If the KKT matrix is singular, $x,z$ are not both zero, and we have
$$
\begin{bmatrix}
H & A^T\\
A & 0
\end{bmatrix}
\begin{bmatrix}
x\\
z
\end{bmatrix} = 0$$

This leads to $Hx + A^Tz = 0$, and $Ax = 0$. 
from the first equation, we have 
$$
x^THx + x^TA^Tz = 0.
$$
plug in the second equation.
we have $x^THx = 0$, this contradicts second condition unless $x= 0$.

## (b)
From previous question, we have $H + A^TA$ is positive definate matrix.

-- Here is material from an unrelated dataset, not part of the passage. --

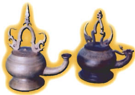
● ตะเกียงชวาลา

ประโยชน์ใช้สอย ใช้จุดเพื่อให้แสงสว่างและใช้ประกอบพิธีกรรมบางอย่างตามคติความเชื่อในท้องถิ่นโดยใช้น้ำมันมะพร้าวเป็นเชื้อเพลิง ใช้จุดตั้งพื้นหรือใช้ผูกกับขั้วฝาคะเกียงแขวนไว้ก็ได้ รูปแบบของขั้วฝาคะเกียงจะคล้ายกับขั้วเรือนแก้วของพระพุทธรูปชินราช ตัวกนกของขั้วฝาคะเกียงจะมีรูปลักษณะคล้ายตัวกนกสมัยศรีวิชัยผสมผสานตัวกนกสมัยอยุธยา ในบทเชื้อเชิญคายายผ็องกล่าวถึงชื่อของตะเกียงชวาลานี้อยู่ด้วยตอนหนึ่งดังนี้ “หมากพลูดับไล่เซียน พร้อมไปทั้งไทกเทียนชวาลา” ตะเกียงชนิดนี้บางดวงจะมีตัวกนุขซึ่งเป็นสัญลักษณ์ของเขาพระสุเมรุหรือจักรวาลอยู่ในขั้ว

Then we must hvae $R \in \mathbb R^{n\times n}$, s.t.
$$
R^T(H + A^TA)R = I
$$
Apply SVD to $AR$, $AR = U\Sigma V_1^T$, where $\Sigma = diag(\sigma_1,\cdots, \sigma_p)$. Denote $V_2 \in \mathbb R^{n\times(n-p)}$, s.t.
$$
V = \left[V_1\quad V_2\right]
$$
$V_2$ is orthogonal, and let 
$$
S = \left[\Sigma\quad 0\right] \in \mathbb R^{p\times n}
$$
We have $AR = USV^T$, then 
$$
V^TR^T(H + A^TA)RV = V^TR^THRV + S^TS = I
$$
Becasue $V^TR^THRV = I - S^TS$ is diagonal matrix, then denote it as $D$
$$
D = V^TR^THRV = diag(1-\sigma_1^2, \cdots, 1-\sigma_p^2, 1, \cdots, 1)
$$
Apply the transform to KKT matrix, we have

$$
\begin{bmatrix}
V^TR^T & 0\\
0 & U
\end{bmatrix}
\begin{bmatrix}
H & A^T\\
A & 0
\end{bmatrix}
\begin{bmatrix}
RV & 0\\
0 & U
\end{bmatrix}
=
\begin{bmatrix}
D & S^T\\
S & 0
\end{bmatrix}
$$
Apply the permutation to hte matrix on the right gives a block diaonal matrix with n diagonal blocks.
$$
\begin{bmatrix}
\lambda_i & \sigma_i\\
\sigma_i & 0
\end{bmatrix}
$$
where $i = 1,2,\cdots, p$, 

and $\lambda_i = 1$ for $i = p +1, \cdots, n$

This matrix have eiggenvalues of $\frac{\lambda_i \pm \sqrt{\lambda_i^2 + 4\sigma_i^2}}{2}$, i.e. one eigen value is positive, another is negative. 

In total, there are n positive evalues and p negative evalues.